Jeremy Haupt files for Kauai County Council seat in 2026 race
Jeremy R. Haupt’s filing added another contender to a council race that could shape road repairs, housing policy, and safety spending across Kauai.

Jeremy R. Haupt’s filing for Kauai County Council widened a race that is already starting to take shape around the island’s most immediate pressures: housing, roads, land use and public safety spending. His nomination papers were filed April 23, putting another name into the 2026 Primary Election for one of the county’s seven council seats.

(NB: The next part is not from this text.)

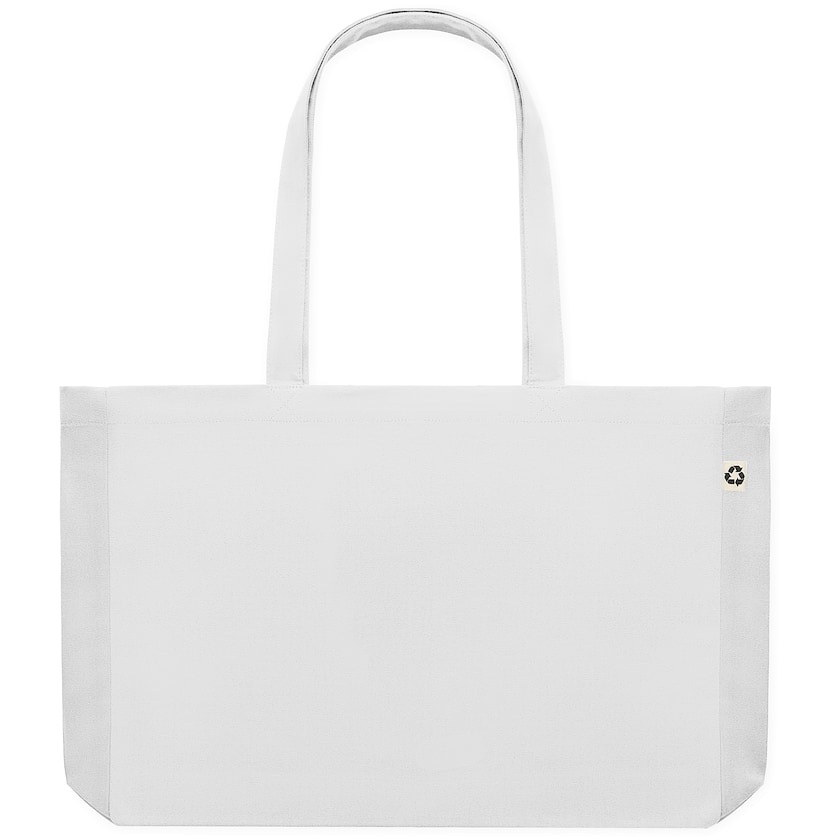 Umweltfreundliche Baumwolltasche aus recycelter Baumwolle. Somero hat lange Tragegriffe und einen gefalteten Boden, wodurch sie besonders geräumig ist. Die Tasche besteht aus einem starken 280-Gramm-Stoff aus 50 % recycelter und 50 % herkömmlicher Baumwolle.
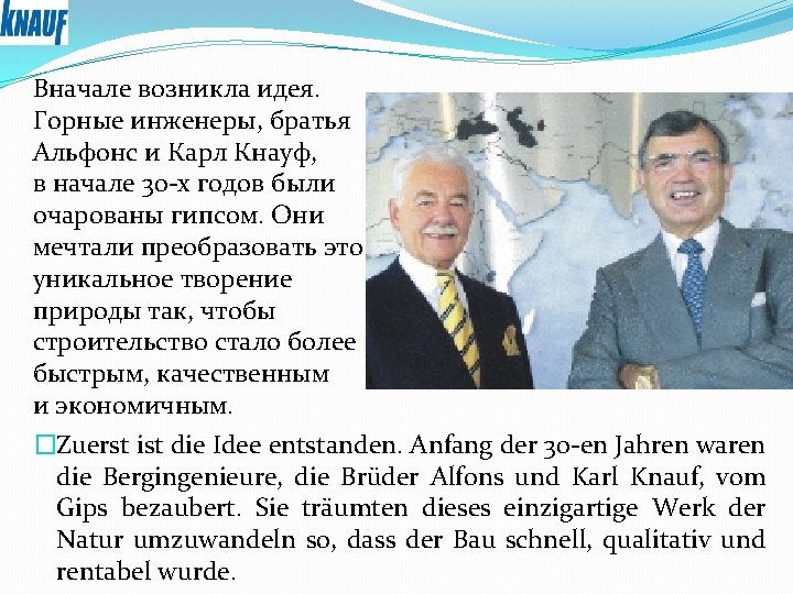 1932 год �В 1932 году братья Кнауф основали фирму «Райнише Гипсиндустри унд Бергверксунтернемен» и открыли первый завод по производству сухих строительных смесей на основе гипса в Перле на реке Мозель. In 1932 haben die Brüder Knauf die Firma "Reinische Gipsindustrie und Bergwerksunternehmen» gegründet und haben den ersten Betrieb nach der Produktion der trockenen Baumischungen aufgrund des Gipses in der Perle auf dem Fluss Mosel geöffnet.

That matters because the Kauai County Council is the legislative branch of the County of Kauai, and all seven members are elected at the same time to two-year terms. Whoever wins will help decide budgets and priorities that reach into daily life in Līhue, Kapaa, Kōloa, Hanapēpē and beyond, from infrastructure repairs to how the county responds to cost-of-living strain.
Haupt’s entry comes during the filing period that opened Feb. 2 and runs through June 2 at 4:30 p.m. The primary is scheduled for Aug. 8, with the general election set for Nov. 3. The state Office of Elections said its candidate report, updated Monday through Friday after 4:30 p.m., was last updated April 28, placing Haupt’s filing squarely in the middle of an active candidate season.
The race had already begun to expand before Haupt filed. Earlier April coverage showed other council hopefuls entering the contest, including Kalaniumi Martin, Michelle Kaleiohi Correa, Dane Smith, Herman K. Wilson and Nelson Mukai. That early list suggests the 2026 council contest is not likely to be a quiet one, especially if more candidates keep filing before the June deadline.

The filing also fits a larger political picture. In a July 2023 opinion piece, Gary Hooser wrote that 2026 could bring at least three, and possibly four, open Kauai County Council seats because of term limits and possible mayoral bids. If that projection holds, the field could become both more crowded and more defined, with candidates pressed to separate themselves on the issues that hit island households most directly.
For county voters, Haupt’s candidacy is less about a single paper filing than about what it signals: another step toward a council race where the fight over who speaks for Kauai may increasingly center on the cost of living, the pace of public works, and whether the county can move faster on the problems residents see every day.